Please note, the commands are the same whether your phenotype is quantitative or binary. Only the name of the output file will change (
.glm.linear
or.glm.logistic.hybrid
for linear and logistic regression respectively).
Computing the results
Now that all of the summary statistics are computed, we can download them and combine them into one single file.

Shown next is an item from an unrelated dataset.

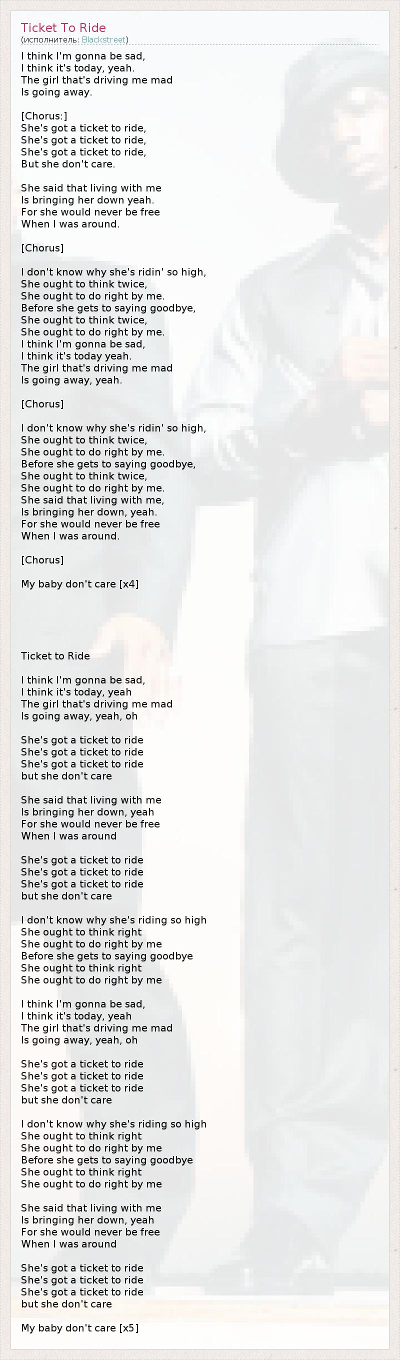 А как ты думаешь, о чем песня "Ticket To Ride" ?

By default, PLINK2 outputs a value for each of the covariates, in addition to the global p-value. However, the hide-covar
option we have used removes covariate-specific lines from the main report. Therefore, we only need to concatenate the results into a single file.
Please change the value of
type
based on the regression performed: "linear" or "logistic.hybrid".
pheno="BMI"
type="linear" # to change accordingly
results_path="plink_gwas_$pheno"
stat_path="plink_statistics_$pheno"
mkdir -p $stat_path
for chr_num in $(seq 1 22); do
result="sumstat_c${chr_num}.$pheno.glm.$type"
dx download "$results_path/$result" -o $stat_path
if [ $chr_num -eq 1 ]; then
head -n1 "$stat_path/$result" > "plink_sumstat_${pheno}.tsv"
fi
tail -n +2 "$stat_path/$result" >> "plink_sumstat_${pheno}.tsv"
done
This command outputs 23 files locally:
sumstat_c<chrom-number>.glm.linear
(1.23 Go total) contains the values for the regression per chromosomeplink_sumstat_BMI.tsv
(1.2 Go) contains the concatenated values for the regression
The files will be stored in a new directory named plink_statistics_BMI
, locally this time, containing all of the summary statistics per chromosome. The combination of all of them will be located outside plink_statistics_BMI
, at the same level, making it easier to find.
Although the result files are big, their download should only take about a minute.
Congratulations, you have successfully completed a GWAS using PLINK2 on DNAnexus!